The following are some very opportune moments to review your auto insurance policy:

1 - WHEN YOUR RATES SEEM TOO HIGH - If your rates are higher than those around you and it can't be explained by a poor driving record or other factors, you are probably overpaying.  Check with and INDEPENDENT AGENT to review your policy and look at alternatives.

2 - REACHING AGE 55 - Many auto insurance companies begin to offer discounts to drivers age 55 and older, but you have to be proactive!

3 - JUST MARRIED - Although insurance is likely the last thing on your mind during this time, most insurance companies offer discounts when you insure more than one car on the same policy, so its a perfect time to compare quotes and find the best deal.

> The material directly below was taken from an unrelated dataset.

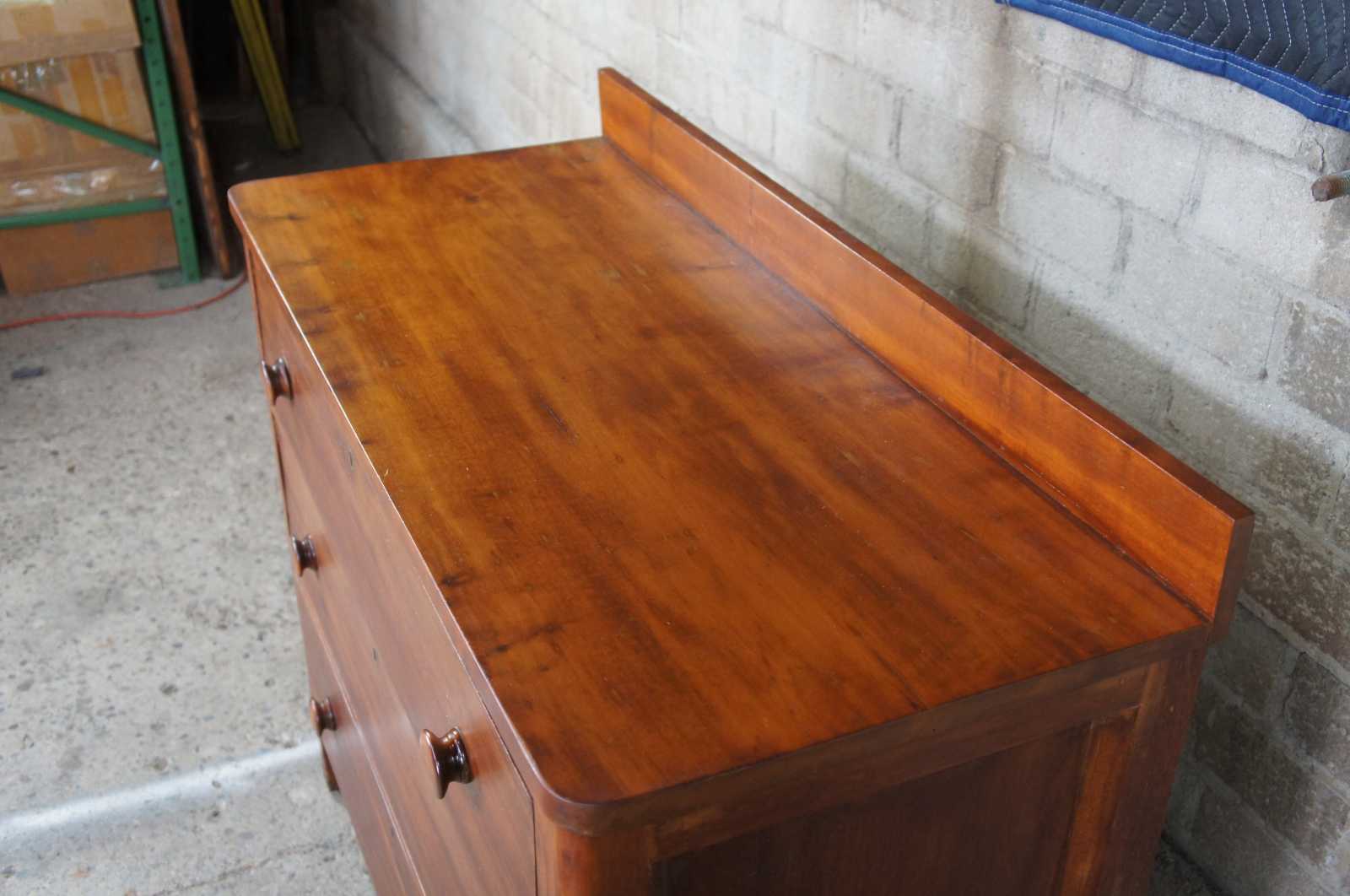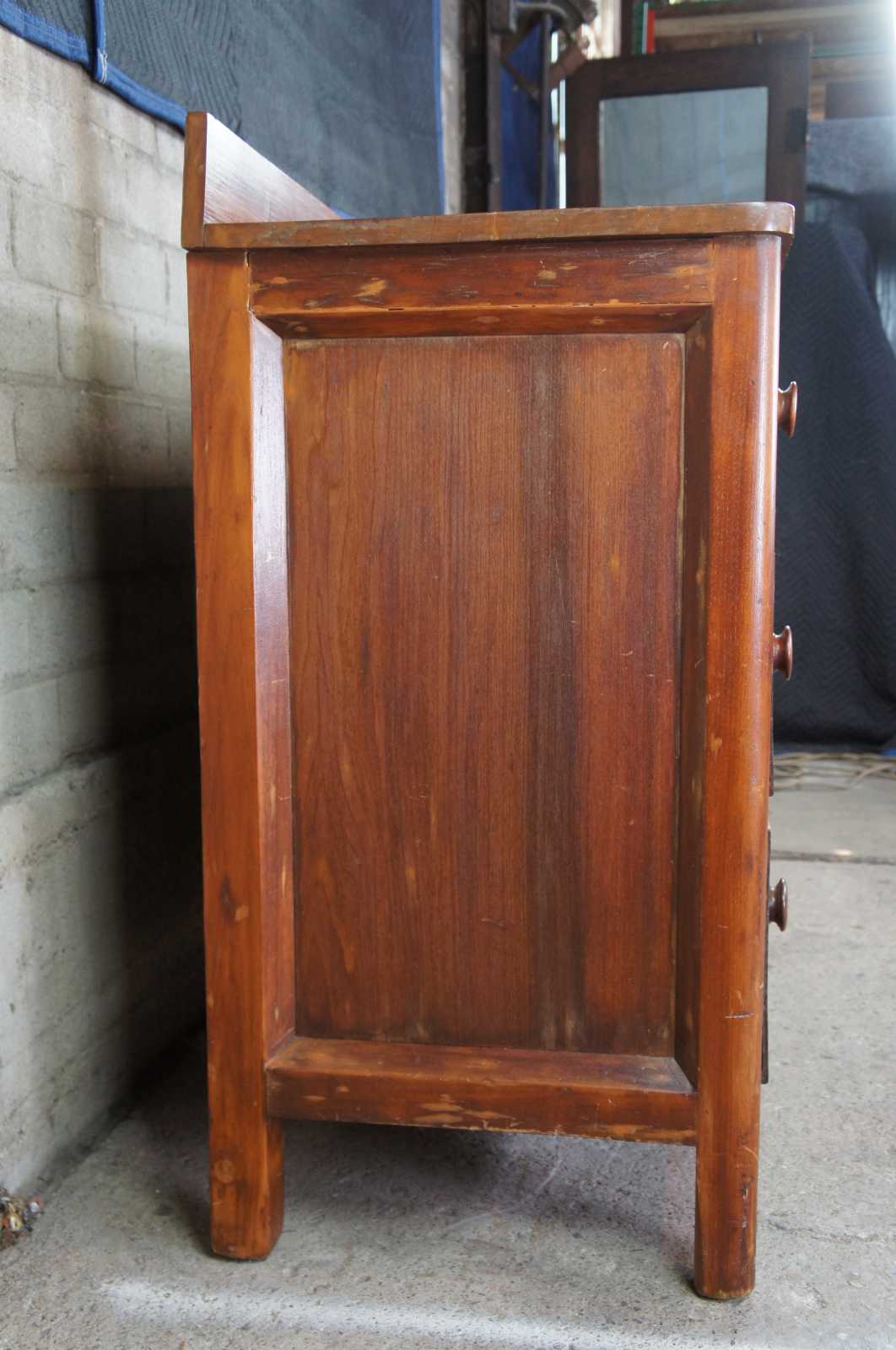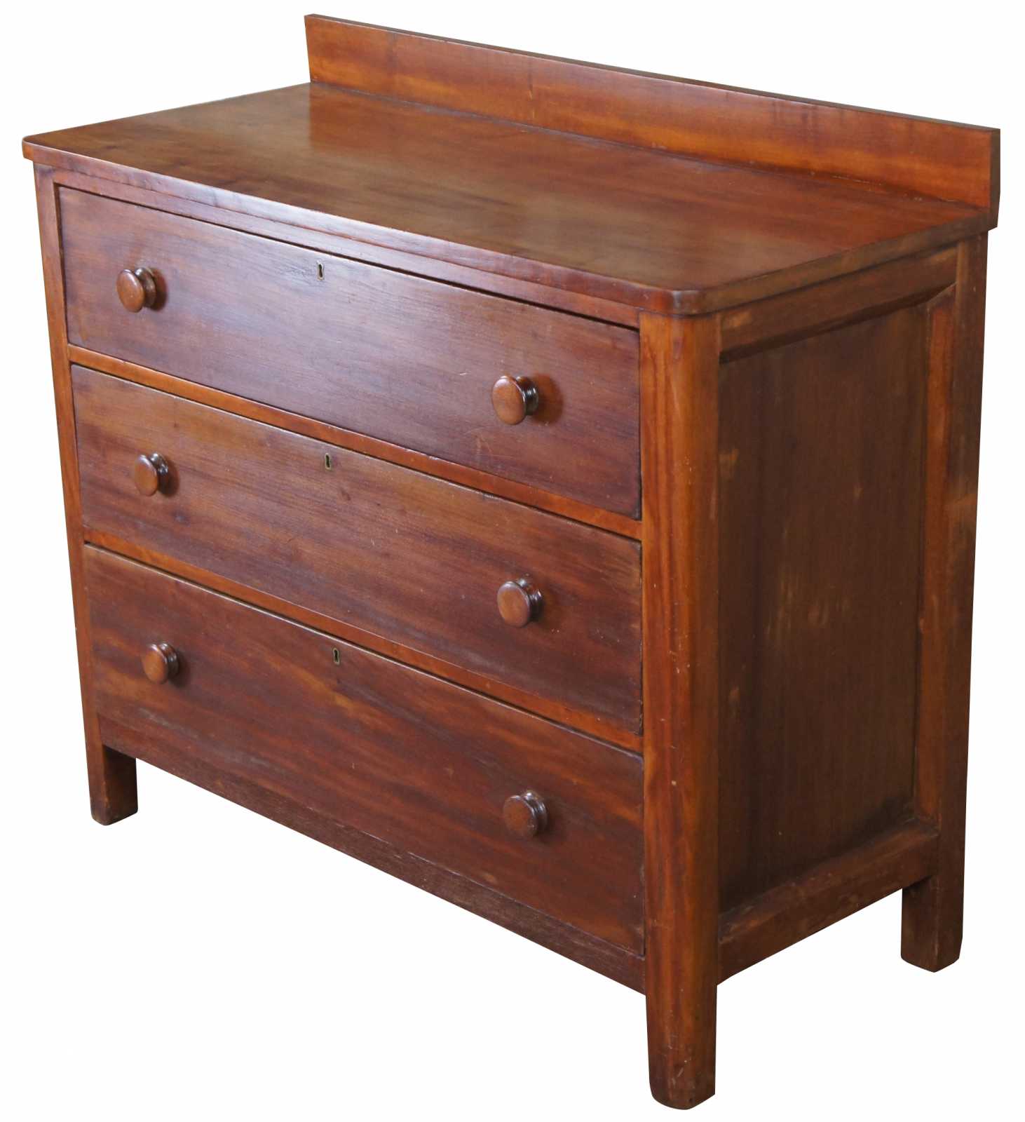 Civil War era chest of drawers. Made of cherry featuring three hand dovetailed drawers with turned knobs, paneled sides, and backsplash.

4 - PURCHASING A NEW CAR - Insurance rates can vary substantially between different vehicles, so it is important to find this out early on to avoid an unpleasant surprise later!  It could end up being one of the factors in your car buying decision. 

5 - MOVING - Insurance rates can vary even from one suburb to the next, and vary substantially between rural and urban communities.  If you are moving to a rural area, be sure to check it out because you will likely be eligible for a significant rate decrease!

What is property and casualty insurance?  Honestly, before I was involved in the industry, I had very little knowledge of the many types of insurance included under the property/casualty category.  Technically, property insurance protects a person or business with an interest in physical property against its loss or the loss of its income-producing abilities.  Casualty insurance mainly protects a person or business against legal liability for losses caused by injury to other people or damage to the property of others. 

Many commercial lines of insurance include coverage for automobile, liability for business owners, equipment breakdown, farm, market segments, medical professional liability, property, and workers compensation.

Personal lines include coverage for automobile, property, homeowners, personal liability, and watercraft. 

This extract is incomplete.